25. In his judgment in A.U v. T.N U, Birmingham J. stated that he was satisfied from the report presented to the Court by the assessor that the children were bright and that they had clear and firm views. It was, he found, appropriate to take account of those views. However, noting what McMenamin J. had said in Z.D. v. K.D., Birmingham J. continued "it seems to me that the views expressed by the children have to be seen in the wider context surrounding the application". The wider context, in that case, was that the applicant did not have custody rights and that the respondent had been awarded sole custody by a court of competent jurisdiction in New York. The behaviour of the applicant had led to the supervised access visits he had been granted being suspended. The applicant had spent very little time with the children, having absconded to Nigeria for a period of three years and having served a prison sentence on his return to the United States. All of the above, according to Birmingham J., made the case before him exceptional and led him to the conclusion that the views of the children were understandable and were given a degree of validity by the factual situation. Denham C.J., speaking for the Supreme Court in upholding the decision of the High Court said that "a Court in deciding whether a child objects to his return should have regard to the totality of the evidence."

26. Denham C.J. referred to the decision of Baroness Hale in Re M (Abduction: Zimbabwe) [2008] I AC 1288 at para. 46:

      "In child objection cases, the range of considerations may be even wider than those in the other exceptions. The exception itself is brought into play when only two conditions are met: First, that the child herself objects to being returned and second, that she has attained an age and a degree of maturity at which it is appropriate to take account of her views. These days, especially in light of Article 12 of the United Nations Convention on the Rights of the Child, Courts increasingly consider it appropriate to take account of a child's views. Taking account does not mean that these views are always determinative or even presumptively so. Once the discretion comes into play, the Court may have to consider the nature and strength of the child's objections, the extent to which they are: "authentically her own" or the product of the influence of the abducting parent, the extent to which they coincide or are at odds with other considerations which are relevant to her welfare, as well as the general Convention considerations referred to earlier. The older the child, the greater the weight that her objections are likely to carry. But that is far from saying that the child's objections should only prevail in the most exceptional circumstances."
27. The respondent, in his submissions, referred the Court to a number of cases in which the views of the child were accepted and, exercising the discretion afforded to it under Article 13(b), the court refused to make an order returning the child. In A.K v. A.J. [2012] IEHC 234, Finlay Geoghegan J. refused to order the return of the children concerned, two boys aged 10 and 7, to Poland. In that case, the children involved expressed the view that they would like to continue to live in Ireland with their father, his new partner and their half sister. They suggested further that, if their father returned to Poland with the whole family, they would be happy to continue to live with him in Poland. Finlay Geoghegan J. considered the totality of the evidence and the factual situation pertaining to the children, including the fact that their father had a new family and a business which he continued to run in Ireland.

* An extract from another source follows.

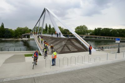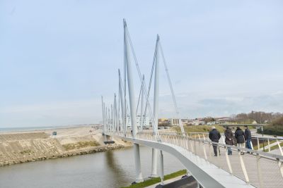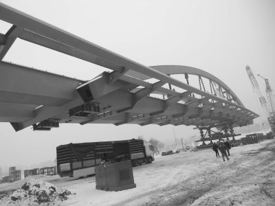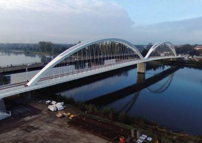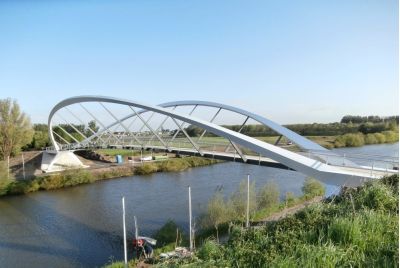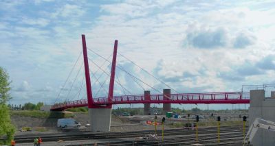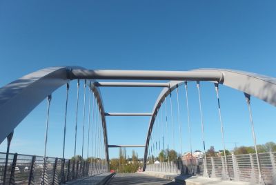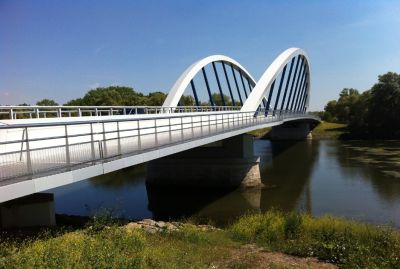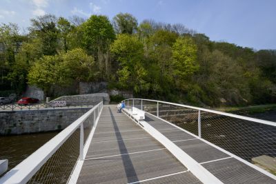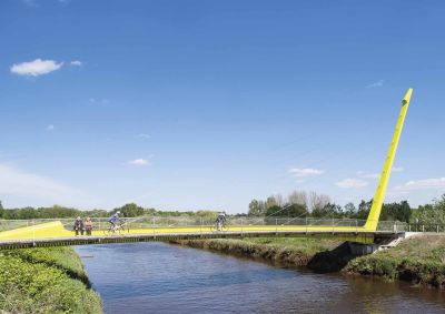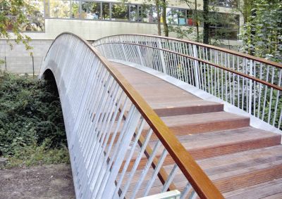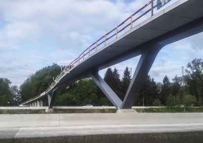 Aanvankelijk was een ontwerp gepland van een 300 ton zware stalen brug met lange aanbruggen en trapliften. Door de stijging van de staalprijzen werd een slanker ontwerp van amper 100 ton voorgesteld en uitgevoerd.<br>

28. The court set out and applied the judgment of Denham C.J. at paras. 35 and 36 of A.U v. T.N.U above on the general approach to be taken in the following terms:

      "35. The Hague Convention provides that in normal circumstances children should be returned after a wrongful removal to the country of their habitual residence. This fundamental principle is in the best interests of the children and is applied generally.

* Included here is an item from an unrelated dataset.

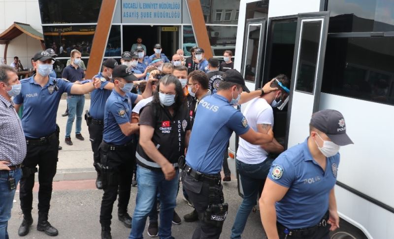 Emniyette işlemleri tamamlanan 10 şüpheli, polis ekiplerinin geniş güvenlik önlemleri arasında Kocaeli Adliyesine sevk edildi.

      36. It is also the case that in interpreting and applying Article 13 of the Convention that courts should not lightly exercise a discretion to refuse to return a child to his or her country of habitual residence since that would risk undermining the effectiveness of the Convention in both remedying and deterring the wrongful removal of children from the jurisdiction of the courts in such country. Furthermore, those courts are normally best placed to determine the respective rights of parents and in particular where the best interests of a child lie, which is of primary importance. However, as already pointed out, the Court has discretion pursuant to Article 13(b) in having regard to objections of a child to being returned to his or her country of habitual residence, as outlined above. The circumstances in which children would not be returned are exceptional. As Article 13 states, in considering the circumstances in which an exception may be made to returning a child to such country, the court may take account of information provided to it from a competent authority concerning the child's social background. As was pointed out in the case of Re M (Abduction: Zimbabwe) 1 AC 1288 the extent to which the child's objections 'coincide or are at odds with other considerations' which are relevant to his or her welfare are also relevant."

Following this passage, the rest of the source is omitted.